Rust. Oxidation. Nature’s way of breaking down man-made materials into their most basic elements.
If you’ve hiked in our state’s backcountry for any length of time, you’ve probably found the ruins; decaying remnants from the past century, artifacts from what was once Alaska’s golden age of independent mining.
It was a time when thousands of stolid souls, fiercely driven by a fever of optimism, put everything on the line for a chance at their own “El Dorado,” their strike, their dream of riches.
Whether in the gold-rich tributaries of the Klondike, the beaches of Nome, high in the quartz-veined ridges of Hatcher Pass, or in the mountains of the Kenai Peninsula and Southeast Alaska, these impetuous fortune seekers came from many locations and stations in life. But they had one thing in common.
They were tough.
And as written in the Echo in past months, my father, Kenneth D. Baker, was one of them. He wasn’t nearly as successful as Robert Hatcher, who in 1906, made a big gold strike in what is now called Hatcher Pass. But in 1947, my father and his partner came upon a modest discovery on the north fork of Spruce Creek to the west of Seward. And “Bob” Hatcher was among several veteran miners who encouraged them.
A passage from one of my dad’s poems:
“There’s gold on Spruce Creek,” assured old Tom,
“I’ve seen it in the pan;
And I’d be out there tracking it down
If I were a younger man.”
“There’s gold on the Spruce,” said Hatcher Bob,
“Somewhere back in there’s a load.”
And they were pros, Hatcher and Tom
With many years on the road.
My own discovery: As reported in my series, it was a profoundly moving moment on the afternoon of Sept. 4, 1998, when I finally found my father’s mine site from back in the late 1940s.
But after a lifetime of tromping around in Alaska’s mountains and valleys, I’ve made what I believe to be an even more important discovery: It has to do with understanding the spirit and grit of those fortune seekers from a century ago. They were more than tough.
One can peruse books and archives about the hardships early miners faced, how their struggles often didn’t “pan out,” as the expression goes. But when you walk in their footsteps amidst the rubble of their work, either high on a mountainside or deep in a remote valley, you begin to feel it— the lengths they had gone to— how they were hanging out there on the edge.
Another passage from my father’s poem “The Conifered Heights:”
“Way out there in the nowhere,
You sweated and played at chance;
Way out there you lost your shirt,
Wore out your last pair of pants.”
In southcentral Alaska, I’ve explored the ruins of the Swetmann Mine at the head of Palmer Creek Valley near Hope.

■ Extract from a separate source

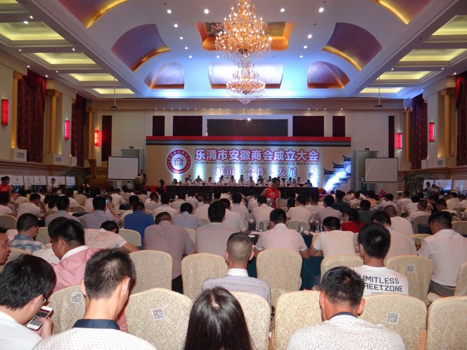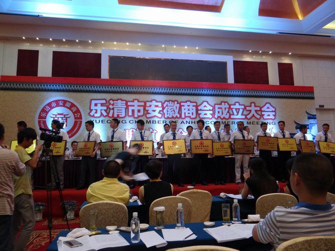 | 2014年7月12日,乐清市安徽商会成立大会在乐清市金鼎大酒店举行。全国政协第十届常委、安徽省政协第十届副主席王鹤龄,发改委高新技术司副司长李佳岩及乐清市委副书记张亨利、副市长刘云峰等出席成立大会。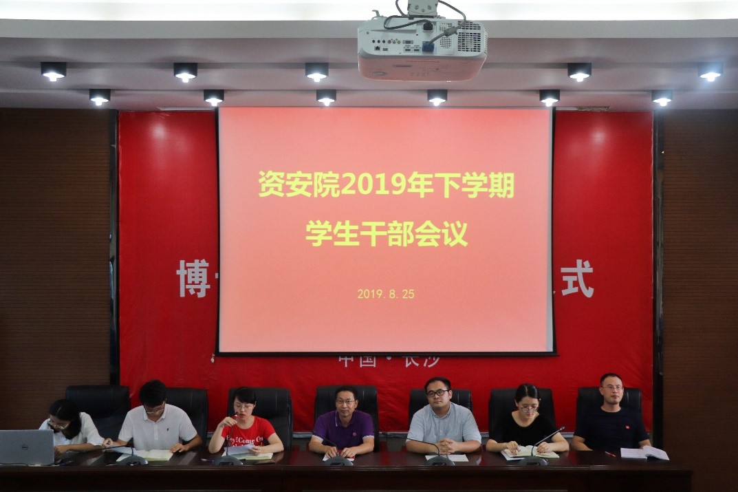 2019年下学期全体学生干部大会于采矿楼302会议室顺利召开。本次会议由院学办主任李欢老师主持,91大神

I’ve climbed high in the Talkeetna Mountains of Hatcher Pass to view the Independence, Bullion, War Baby, and Lucky Shot mines; which were among the largest gold producers in Alaska. And I’ve also hiked around some of the smaller claims. These include Kenai Peninsula mines in Summit Pass, Hope, Sunrise and those operated by Charlie Hubbard near Kenai Lake.
Hubbard was a friend of my father and one of the Kenai’s most prolific miners. After successes at Kennecott in the late 1800s and early 1900s, Hubbard was said to have rubbed elbows with Wyatt Earp in Nome during its gold rush. The ruins of one of Hubbard’s old mining cabins on the Kenai Peninsula can still be seen along the Lost Lake Trail from Primrose, accessed from Mile 18 of the Seward Highway.
Difficult logistics: In the early 1900s, getting heavy mining equipment to remote sites in steep terrain was by mule, or horse and wagon.
Given the distance from civilization, supporting mining crews with food and other provisions was a daunting task. For example, beginning in the early 1900s, support for the Swetmann Mine, Hirshey and nearby Coeur De Alene mines in Palmer Creek Valley (near Resurrection Valley) came from the then newly established communities of Sunrise, more than 20 miles away and later, Hope, roughly 13 miles away.
In contrast to the lower 48 states, where archaeologists have found evidence that the first humans into remote regions were Indians, miners were often the first to blaze trails deep in the backcountry of southcentral Alaska.
Today, old mining roads and trails offer hunters and adventurers access to areas that would otherwise be quite difficult to reach. The road north of Palmer to Independence Mine in Hatcher Pass, a popular recreation area, is a prime example. Year-round, the area has become a popular recreational haven.
Mining will continue to play an important role in Alaska’s future.
Here in the southcentral part of the state, there are still active mines in Crow Pass, Hatcher Pass and on the Kenai Peninsula. But the heyday of the independent prospector has long since passed. Today, we only have a few rusting relics to remind us of those heady days a century ago, when the dreams of fortune seekers reached beyond the distant horizons.
(Ed. Note: For a comprehensive history of Kenai Peninsula mining, refer to A History of Mining on the Kenai Peninsula, Alaska by Mary J. Barry.)